◆ YOUR ASSIGNMENT ◆
The material below holds pictures; leave them out and reproduce exactly the lines from the one with "胡蘿蔔、鷄腿菇、榨菜、五香干、黑木耳、韭黃、菜籽油。" through the one with "一些全球制造商已经推出了个体", inclusive.
Start of DATASET CONTENT
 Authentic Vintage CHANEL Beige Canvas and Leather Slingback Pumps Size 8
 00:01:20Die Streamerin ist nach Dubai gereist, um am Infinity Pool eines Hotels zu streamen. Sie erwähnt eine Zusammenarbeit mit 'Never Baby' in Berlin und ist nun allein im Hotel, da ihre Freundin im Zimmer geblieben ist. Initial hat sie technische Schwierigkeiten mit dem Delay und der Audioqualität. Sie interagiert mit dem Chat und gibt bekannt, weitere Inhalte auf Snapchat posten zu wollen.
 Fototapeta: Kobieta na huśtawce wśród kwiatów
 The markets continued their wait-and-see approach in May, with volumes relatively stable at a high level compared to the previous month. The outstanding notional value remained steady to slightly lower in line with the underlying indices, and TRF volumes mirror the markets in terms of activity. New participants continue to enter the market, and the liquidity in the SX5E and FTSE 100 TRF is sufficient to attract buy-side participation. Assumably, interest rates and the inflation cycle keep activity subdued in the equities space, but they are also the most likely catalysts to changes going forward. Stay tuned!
End of DATASET CONTENT
Start of DATASET CONTENT
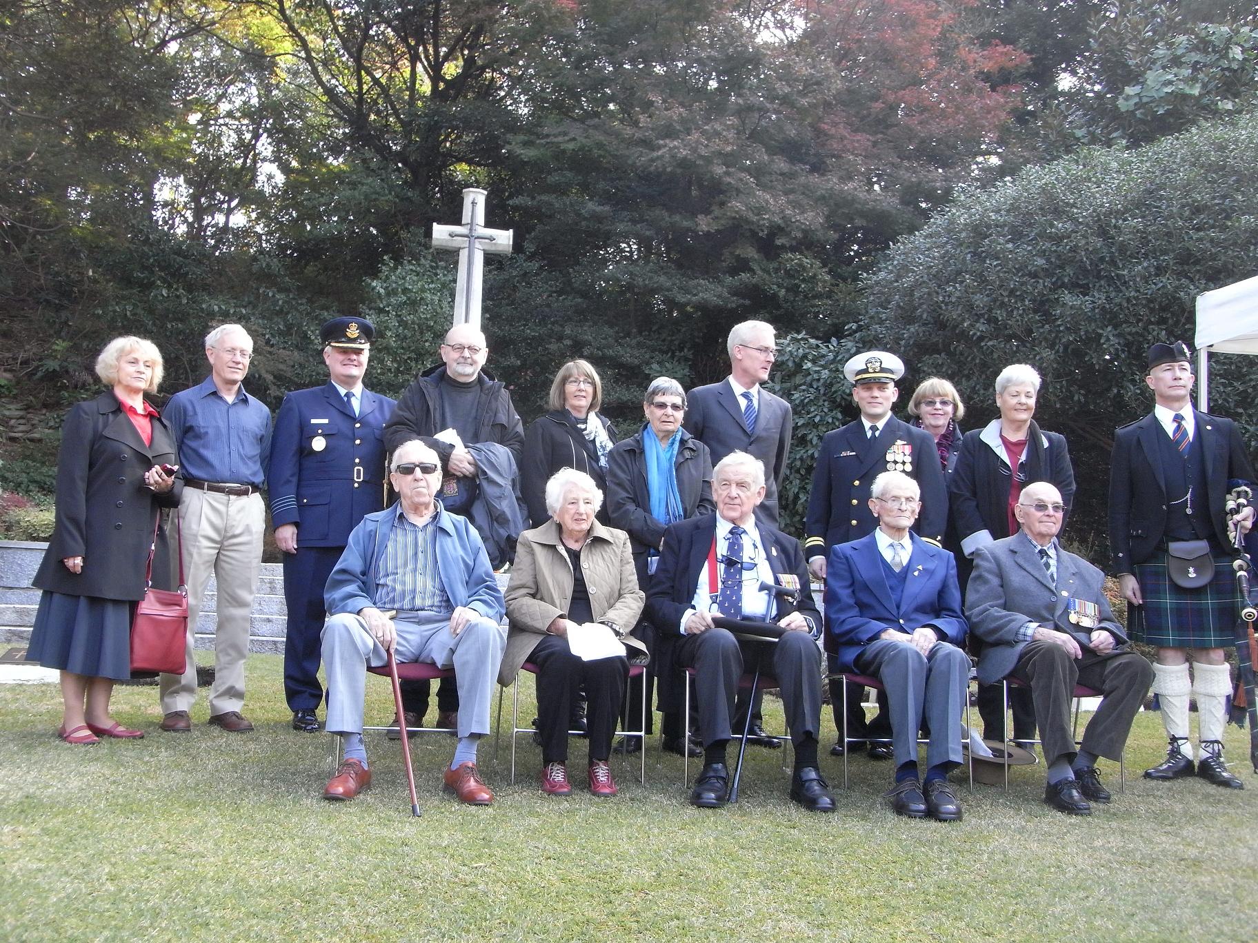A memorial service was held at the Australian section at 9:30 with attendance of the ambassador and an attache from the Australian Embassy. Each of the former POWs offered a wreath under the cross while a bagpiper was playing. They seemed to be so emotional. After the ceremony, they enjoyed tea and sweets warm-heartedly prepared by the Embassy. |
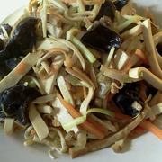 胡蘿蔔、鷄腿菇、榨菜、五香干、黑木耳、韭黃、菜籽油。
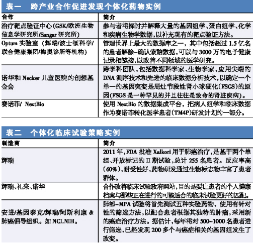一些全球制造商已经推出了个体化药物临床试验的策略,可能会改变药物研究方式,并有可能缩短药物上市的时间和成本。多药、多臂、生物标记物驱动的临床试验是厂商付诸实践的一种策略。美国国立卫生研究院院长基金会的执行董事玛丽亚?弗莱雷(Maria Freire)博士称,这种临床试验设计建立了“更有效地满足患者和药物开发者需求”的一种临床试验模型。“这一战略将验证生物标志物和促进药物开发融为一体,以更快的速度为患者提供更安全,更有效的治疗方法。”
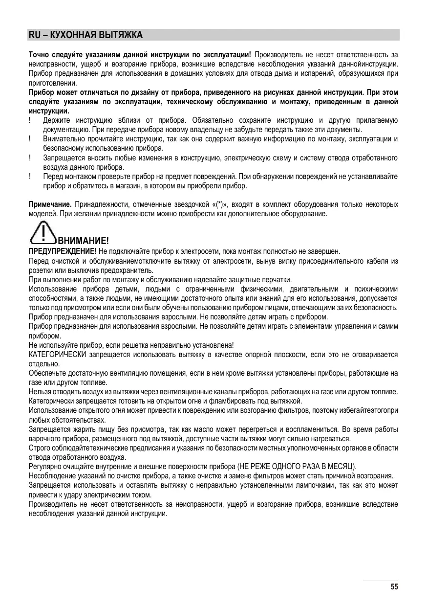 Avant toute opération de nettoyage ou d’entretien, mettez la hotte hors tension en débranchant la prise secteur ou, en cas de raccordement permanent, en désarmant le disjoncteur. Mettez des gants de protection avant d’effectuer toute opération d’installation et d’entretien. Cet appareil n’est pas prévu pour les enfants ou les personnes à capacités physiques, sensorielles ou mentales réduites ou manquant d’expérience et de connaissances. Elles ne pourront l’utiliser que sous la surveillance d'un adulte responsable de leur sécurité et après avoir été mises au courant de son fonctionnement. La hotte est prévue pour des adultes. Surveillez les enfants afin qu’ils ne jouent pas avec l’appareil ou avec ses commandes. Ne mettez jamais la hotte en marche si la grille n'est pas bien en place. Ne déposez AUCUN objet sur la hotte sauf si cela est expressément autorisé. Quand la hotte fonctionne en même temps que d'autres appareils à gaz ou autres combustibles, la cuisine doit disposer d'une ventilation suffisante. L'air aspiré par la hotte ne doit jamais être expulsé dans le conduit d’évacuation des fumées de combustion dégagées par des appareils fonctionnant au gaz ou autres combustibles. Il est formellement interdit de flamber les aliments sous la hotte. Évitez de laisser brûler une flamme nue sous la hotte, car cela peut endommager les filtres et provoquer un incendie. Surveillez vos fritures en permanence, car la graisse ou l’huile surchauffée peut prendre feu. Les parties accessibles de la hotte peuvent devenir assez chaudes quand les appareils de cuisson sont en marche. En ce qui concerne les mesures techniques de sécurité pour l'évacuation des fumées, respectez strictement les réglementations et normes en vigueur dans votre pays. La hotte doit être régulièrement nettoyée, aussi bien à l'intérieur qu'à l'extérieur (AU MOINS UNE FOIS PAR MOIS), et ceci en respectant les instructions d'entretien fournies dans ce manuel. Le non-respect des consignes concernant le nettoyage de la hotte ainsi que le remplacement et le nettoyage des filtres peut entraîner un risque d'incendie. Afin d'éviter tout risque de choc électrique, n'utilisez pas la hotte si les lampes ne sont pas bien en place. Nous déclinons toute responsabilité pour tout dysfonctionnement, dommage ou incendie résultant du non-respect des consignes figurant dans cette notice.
End of DATASET CONTENT
◆ SOLUTION FOR THIS PROBLEM ◆
 胡蘿蔔、鷄腿菇、榨菜、五香干、黑木耳、韭黃、菜籽油。
一些全球制造商已经推出了个体化药物临床试验的策略,可能会改变药物研究方式,并有可能缩短药物上市的时间和成本。多药、多臂、生物标记物驱动的临床试验是厂商付诸实践的一种策略。美国国立卫生研究院院长基金会的执行董事玛丽亚?弗莱雷(Maria Freire)博士称,这种临床试验设计建立了“更有效地满足患者和药物开发者需求”的一种临床试验模型。“这一战略将验证生物标志物和促进药物开发融为一体,以更快的速度为患者提供更安全,更有效的治疗方法。”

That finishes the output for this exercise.